Evidence to be used to impeach credibility, is discoverable. Wilshire v. Love, No. 3:14-cv-08374, 2015 US Dist. LEXIS 41240, at *9 (SD W. Va. March 31, 2015); Beckner v. Bayer Cropscience, L.P., Civil Action No. 2:05-cv-00530, 2006 US Dist. LEXIS 44197, at *9 (SD W. Va. June 28, 2006 ); Newsome v. Penske Truck Leasing Corp., 437 F. Supp. 2d 431, 437 (D. Md. 2006) --------
Finally, the factor of the parties' resources is neutral.

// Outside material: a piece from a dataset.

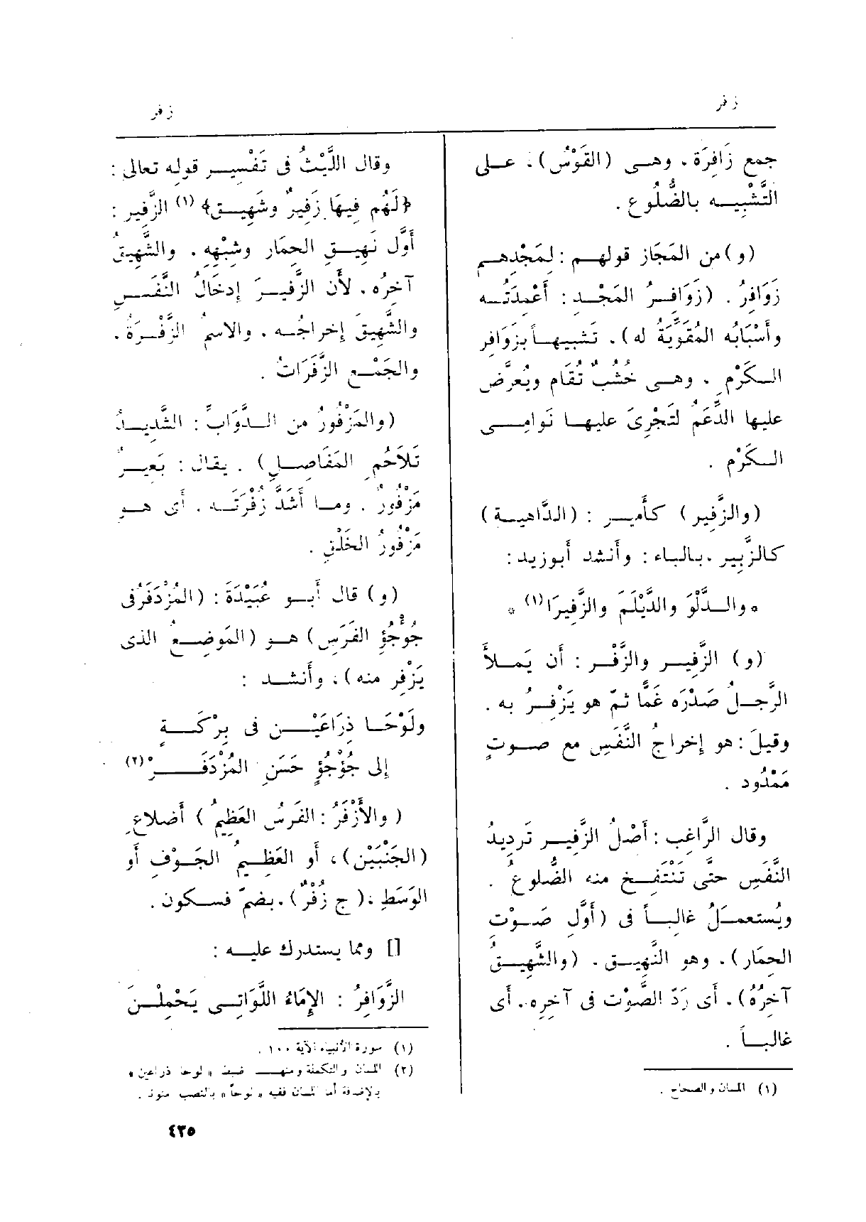 وَقَالَ اللَّيْثُ فِي تَفْسِير قولِه تَعَالَى: {لَهُمْ فِيهَا زَفِيرٌ وَشَهِيقٌ} (الْأَنْبِيَاء: 1) الزَّفِير: أَوَّل نَهِيقِ الحِمَار وشِبْهِه، والشَّهِيقُ آخِرُه، لأَن الزَّفيرَ إِدخَالُ النَّفَس والشَّهِيقَ إِخراجُه، والاسمُ الزَّفْرَةُ، والجَمْع الزَّفَرَاتُ.

The parties, the nation's third-largest city and an international hotel chain, which owns several hotels in that city, would seem to have equal resources.
The final issue, usually the most crucial, is one of marginal utility-does the burden and the expense of doing the discovery outweigh its benefit?
First, in Request to Produce Number 7, Marriott seeks all information "relating to" approving or disapproving bringing lawsuits involving breaches.
Marriott does not have any use for information that does not speak to whether the approval was based on a desire to generate revenue by seeking fines. Information about any other motivation for Chicago to bring a lawsuit has nothing to do with this case. Chicago need not answer it. There is no benefit to come from it.
However, Marriott's Request Number 8 is properly limited since it seeks information about bringing lawsuits "to generate revenues, fines, or fees for the City of Chicago." In my view, it seeks relevant information and is narrowly tailored to get it.
However, for its part, Chicago does not specify with any particularity what burden it would incur if it had to comply with number 8 but simply says that it is disproportionate. It has been true, however, since at least the 2015 amendments to the Federal Rules of Civil Procedure, that detailed and specific facts must support a claim of burdensomeness. Indeed, in certain cases, the failure to make such a showing is grounds in itself to overrule the objection based on "burdensomeness." Arrow Enter. Computing Sols., Inc. v. BlueAlly, LLC, No. 5:15-CV-00037-FL, 2016 WL 4287929, at *1 (EDNC August 15, 2016); Villa Polycarpe v. Seterus, Inc., 2017 WL 2257571 (MD Fla. May 23, 2017); Mann v. City of Chicago, 1:15-cv-09197, 2017 US Dist. Lexis 146039 *14-15 (ND Ill. September 8, 2017).
I have not decided to recommend that Judge Grimm overrule Chicago's objection on that ground at this point. Instead, I will recommend that Judge Grimm overrule all of Chicago's objections to Request for Production 8 but permit Chicago to revisit whether it will answer it. If it is going to object on the ground that answering it will create an unjustifiable burden, it will have to support that assertion with specific facts and figures. As the case I have cited, and other similar cases indicate, the federal judiciary has reached the limit of its patience with "general objections" and the boilerplate incantation of "burdensomeness." If Chicago does not want to comply with Request Number 8, it must make the most specific showing of why it should not have to answer this Request.
I ask counsel to meet and confer and set deadlines for Chicago's response. I would ask counsel to also advise me of what has happened, so I will see if there is another issue I have to resolve.